* [Data for review]

********************

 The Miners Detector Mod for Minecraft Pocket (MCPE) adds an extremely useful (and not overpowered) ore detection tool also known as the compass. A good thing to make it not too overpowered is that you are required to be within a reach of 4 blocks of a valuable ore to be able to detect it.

********************

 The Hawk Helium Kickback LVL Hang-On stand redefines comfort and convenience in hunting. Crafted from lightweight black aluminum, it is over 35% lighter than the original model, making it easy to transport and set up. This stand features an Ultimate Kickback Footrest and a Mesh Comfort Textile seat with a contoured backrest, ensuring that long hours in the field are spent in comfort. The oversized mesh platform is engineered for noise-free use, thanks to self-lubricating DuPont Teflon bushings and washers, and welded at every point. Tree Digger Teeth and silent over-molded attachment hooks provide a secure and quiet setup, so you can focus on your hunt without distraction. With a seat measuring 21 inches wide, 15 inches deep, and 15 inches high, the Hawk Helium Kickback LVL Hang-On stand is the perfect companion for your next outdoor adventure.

********************

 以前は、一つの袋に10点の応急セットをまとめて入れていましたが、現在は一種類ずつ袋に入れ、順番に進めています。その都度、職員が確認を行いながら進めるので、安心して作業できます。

********************

* [The task]
Your answer should be one number: how many lines in the preceding listing hold "that".

* [Answer to this exercise]
2